0
votes

I am running an image classification model with images and my problem is that my validation accuracy is higher than my training accuracy. The data (train/validation) is set up randomly. I am using the InceptionV3 as a pre-trained model. The ratio between accuracy and validation accuracy stays the same over 100 epochs.
I tried a lower learning rate and an additional batch normalization layer.

Does anyone have any ideas on what to look into? I'd appreciate some help, thank you!

base_model = InceptionV3(weights='imagenet', include_top=False)
# add a global spatial average pooling layer
x = base_model.output
x = GlobalAveragePooling2D()(x)
# add a fully-connected layer
x = Dense(468, activation='relu')(x)
x = Dropout(0.5)(x)

# and a logistic layer
predictions = Dense(468, activation='softmax')(x)

# this is the model we will train
model = Model(base_model.input,predictions)

# first: train only the top layers (which were randomly initialized)
# i.e. freeze all convolutional InceptionV3 layers
for layer in base_model.layers:
    layer.trainable = False

# compile the model (should be done *after* setting layers to non-trainable)
adam = Adam(lr=0.0001, beta_1=0.9)
model.compile(optimizer=adam, loss='categorical_crossentropy', metrics=['accuracy'])

# train the model on the new data for a few epochs
batch_size = 64
epochs = 100
img_height = 224
img_width = 224
train_samples = 127647
val_samples = 27865

train_datagen = ImageDataGenerator(
    rescale=1./255,
    #shear_range=0.2,
    zoom_range=0.2,
    zca_whitening=True,
    #rotation_range=0.5,
    horizontal_flip=True)
test_datagen = ImageDataGenerator(rescale=1./255)

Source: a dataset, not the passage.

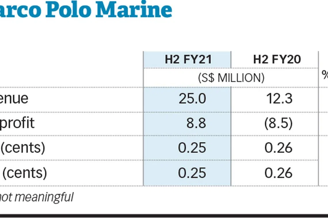 The latest set of H2 financials brings Marco Polo's full-year net profit to S$14.8 million, compared to a net loss of S$9.2 million a year ago. Its FY2021 revenue was up 49 per cent on-year to S$46.1 million from S$30.8 million the previous year.
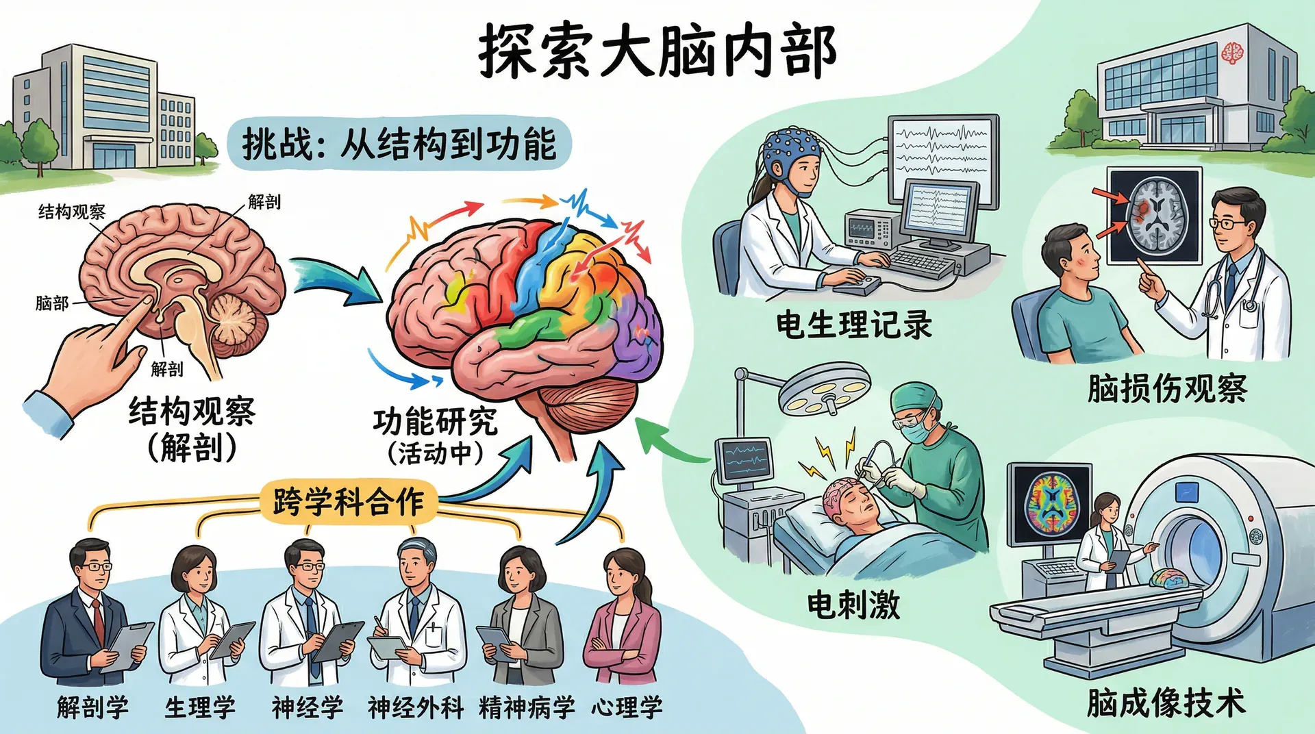 大脑研究通常涉及来自解剖学、生理学、神经学、神经外科、精神病学和心理学等多个学科的神经科学家之间的密切合作,这种跨学科的研究模式极大地推动了人类对大脑与行为关系的认识。

train_generator = train_datagen.flow_from_directory(
    'AD/AutoDetect/',
    target_size=(img_height, img_width),
    batch_size=batch_size,
    class_mode='categorical')

validation_generator = test_datagen.flow_from_directory(
    'AD/validation/',
    target_size=(img_height, img_width),
    batch_size=batch_size,
    class_mode='categorical')

# fine-tune the model
model.fit_generator(
    train_generator,
    samples_per_epoch=train_samples // batch_size,
    nb_epoch=epochs,
    validation_data=validation_generator,
    nb_val_samples=val_samples // batch_size)

Found 127647 images belonging to 468 classes.
Found 27865 images belonging to 468 classes.
Epoch 1/100
2048/1994 [==============================] - 48s - loss: 6.2839 - acc: 0.0073 - val_loss: 5.8506 - val_acc: 0.0179
Epoch 2/100
2048/1994 [==============================] - 44s - loss: 5.8338 - acc: 0.0430 - val_loss: 5.4865 - val_acc: 0.1004
Epoch 3/100
2048/1994 [==============================] - 45s - loss: 5.5147 - acc: 0.0786 - val_loss: 5.1474 - val_acc: 0.1161
Epoch 4/100
2048/1994 [==============================] - 44s - loss: 5.1921 - acc: 0.1074 - val_loss: 4.8049 - val_acc: 0.1786

1
Can you give more details why you zoom, flip and whiten your data? With over 100k images it seems you have sufficient data to at least try without augmentation. In addition to that you could give your fully connected layer a bit more complexity. I´d try 1024 neurons or bigger and would get rid of the Dropout / BatchNorm.petezurich
Just for completeness: The proper image size for Inception is 299x299px. 224 is for VGG. See here: keras.io/applicationspetezurich

1 Answers

-2
votes

see this answer

This occours becauce you add a dropout layer in your model that prevents the accuracy from going to 1.0 during training.